User voiceUSB audio card / microphoneRDK X5Speech-to-text STTMQTT topic: openclaw/inOpenClaw GatewayLLM / OpenAI modelMQTT topic: openclaw/outNavTalkTTS + lip syncDigital human on HDMI display

In this pipeline, the RDK X5 is the hardware hub. It receives USB audio input, drives the HDMI display, and also runs the OpenClaw gateway and MQTT client/bridge environment. MQTT decouples the NavTalk page from the OpenClaw gateway, allowing voice input, AI inference results, and digital human output to move through a lightweight messaging channel.

Step 1: Arrange and Connect the Hardware

At the beginning of the video, the author shows the hardware layout on the desk. The RDK X5 sits in the center of the work mat. The small display is connected to the development board through a thicker HDMI cable, and the blue adapter board behind the screen also has another power/data cable attached. The USB audio device is placed next to the development board and is then plugged into a USB port on the RDK X5.

The recommended build order is:

1. Place the RDK X5 in a well-ventilated position and keep it powered off at first.
2. Connect the HDMI input of the small display to the HDMI output of the RDK X5.
3. Connect power to the small display. If the display requires touch input or extra USB data, connect the corresponding USB cable as well.
4. Plug the USB audio card or microphone into a USB port on the RDK X5.
5. Power on the RDK X5 and confirm that the system can boot into the desktop normally.
6. Connect the network and make sure the RDK X5 can access the model service, MQTT broker, and NavTalk page.

At around the 1-minute mark, the video shows the screen being held closer to the camera. The small display is already showing an OpenClaw/NavTalk-related page:

Step 2: Confirm the RDK X5 Desktop Environment

After the hardware is powered on, the RDK X5 enters an Ubuntu/Xfce-style desktop environment. In the video, the author opens a terminal and browser on the RDK X5 desktop, and all later installation steps are completed directly on the RDK X5.

First confirm three things:

1. The HDMI display can show the desktop normally.
2. The USB audio card has been recognized by the system and can be used as a recording input.
3. The RDK X5 is connected to the network, and the terminal can run apt update, access installation scripts, and reach the MQTT broker.

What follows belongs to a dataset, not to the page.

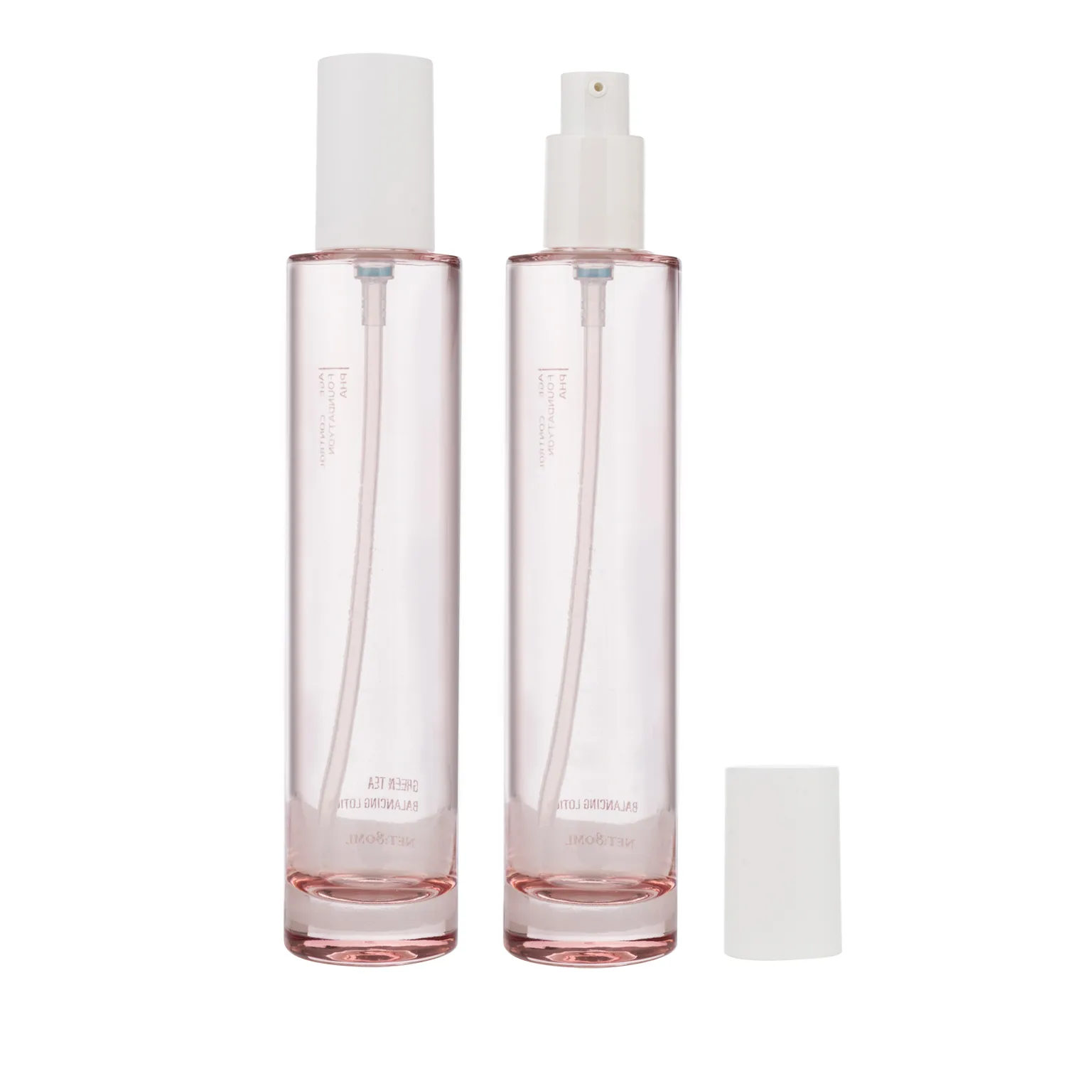 Designed for high-end skincare and fragrance applications, this cylinder pink glass pump bottle comes in customization colors to align with your brand’s vision—opening up infinite creative options.

If you want to access the OpenClaw console on the RDK X5 from another computer, you also need to check the firewall and listening address later. The author mentions that if another computer on the LAN needs to access the RDK X5, the corresponding ports may need to be opened.

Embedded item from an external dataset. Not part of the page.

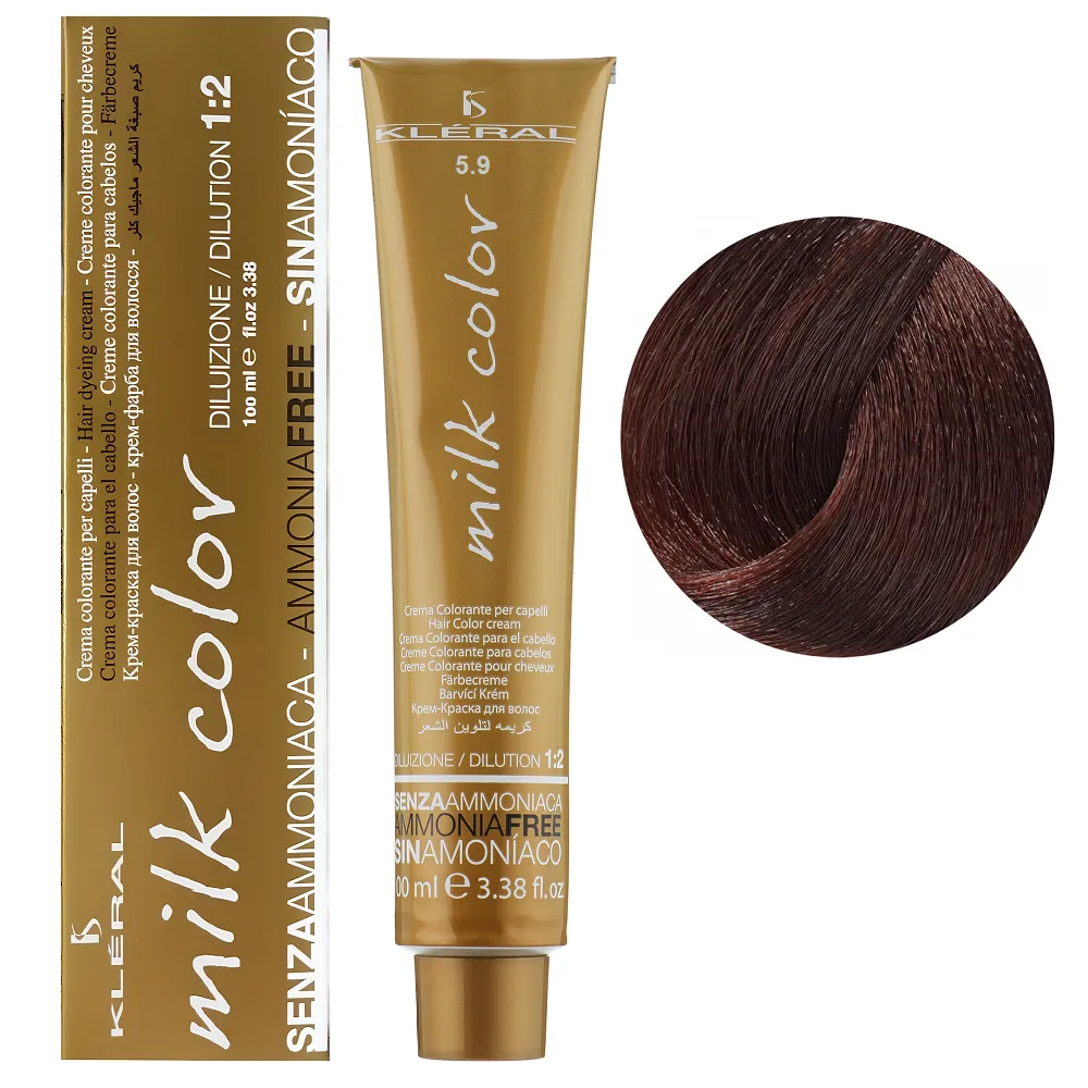 Безаміачна фарба Milk Color, розроблена італійською компанією Kleral System, представлена більше ніж 40 відтінками. Прекрасно забарвлює волосся, у тому числі і сиве (якщо сивини не більше 50%) у близькі до натуральних кольорів. Завдяки своєму щадному складу і компонентам, що доглядають, не пошкоджує структуру волосся, надає їм блиск і м`якість. Milk Color ідеально підходить для пошкодженого волосся. Тюбик містить 100 мл фарби та розрахований на 2 повні нанесення. Рекомендований окислювач - 20-vol стабілізований перекис водню. Для збільшення освітлювальної дії, використовуйте стабілізований перекис водню в 30- або 40-vol емульсії. Особливості продукту: 5/9 Світло-каштановий шоколад Крем-фарба для волосся перманентна без аміаку, 100 мл Milk Color KLERAL System Застосування: 5/9 Світло-каштановий шоколад Крем-фарба для волосся перманентна без аміаку, 100 мл Milk Color KLERAL System Продукт призначений для професійного використання. Уважно ознайомтесь з інструкцією.Крем-фарба для волосся перманентна без аміаку Milk Color KLERAL System

Step 3: Install Basic Dependencies

The on-screen document in the video divides the installation into several phases. The first phase installs basic tools on Ubuntu, including curl, certificates, Git, Python, Python venv/pip, and mosquitto-clients for MQTT testing.

The dependencies shown on screen are similar to:

sudo apt update
sudo apt install -y curl ca-certificates git python3 python3-venv python3-pip mosquitto-clients

These tools are used for:

Step 4: Install OpenClaw on the RDK X5

The second phase in the video installs OpenClaw. The on-screen document shows that the OpenClaw installation script pulls Node.js when needed, so the author does not handle the Node.js version separately.

The installation command shown in the video is:

curl -fsSL https://openclaw.ai/install.sh | bash

After installation, run the configuration wizard:

openclaw configure

The author selects the following settings:

After configuration, check the gateway status:

openclaw gateway status

The screen shows that the OpenClaw gateway is running locally, with service port 18789. The Dashboard address is similar to:

http://127.0.0.1:18789/

The Gateway WebSocket address is similar to:

ws://127.0.0.1:18789

The key point in this phase is that OpenClaw is now running as a local service on the RDK X5. The later MQTT bridge and NavTalk setup both communicate around this gateway.

Step 5: Install the MQTT Skill and Bridge Environment

OpenClaw provides the agent/gateway capability, but a messaging channel is needed between the NavTalk page and OpenClaw. In the video, the author places an mqtt-client skill into the OpenClaw workspace and creates a Python runtime environment for it.

The path shown in the on-screen document is approximately:

$HOME/.openclaw/workspace/skills/mqtt-client/

If the code is already on the desktop, it can be copied into the OpenClaw skills directory:

mkdir -p "$HOME/.openclaw/workspace/skills"
cp -a "$HOME/Desktop/mqtt-client" "$HOME/.openclaw/workspace/skills/mqtt-client"

It can also be cloned into the same directory through Git. The video then runs the installation script, installs the MQTT skill and Python venv, and writes the configuration into OpenClaw.

The important part of this step is not just installing packages. It extends OpenClaw from a local chat gateway into a service that can subscribe to MQTT input and publish results back to MQTT output.

Step 6: Configure the MQTT Broker

The video shows two MQTT broker options:

The default EMQX test commands in the on-screen document are similar to:

mosquitto_sub -h broker.emqx.io -p 1883 -t openclaw/out -v
mosquitto_pub -h broker.emqx.io -p 1883 -t openclaw/in -m "Say hello in one sentence."

If using local Mosquitto, the video shows installing and enabling the service:

sudo apt install -y mosquitto
sudo systemctl enable mosquitto

The script then adds TCP 1883 and WebSocket 9001 listeners. The screen shows the ss -ltnp check result, where 0.0.0.0:1883 and *:9001 are both listening.

Choose the broker based on the scenario:

Step 7: Start OpenClaw and the MQTT Bridge

After the MQTT broker is configured, the author restarts the OpenClaw gateway and starts the MQTT bridge.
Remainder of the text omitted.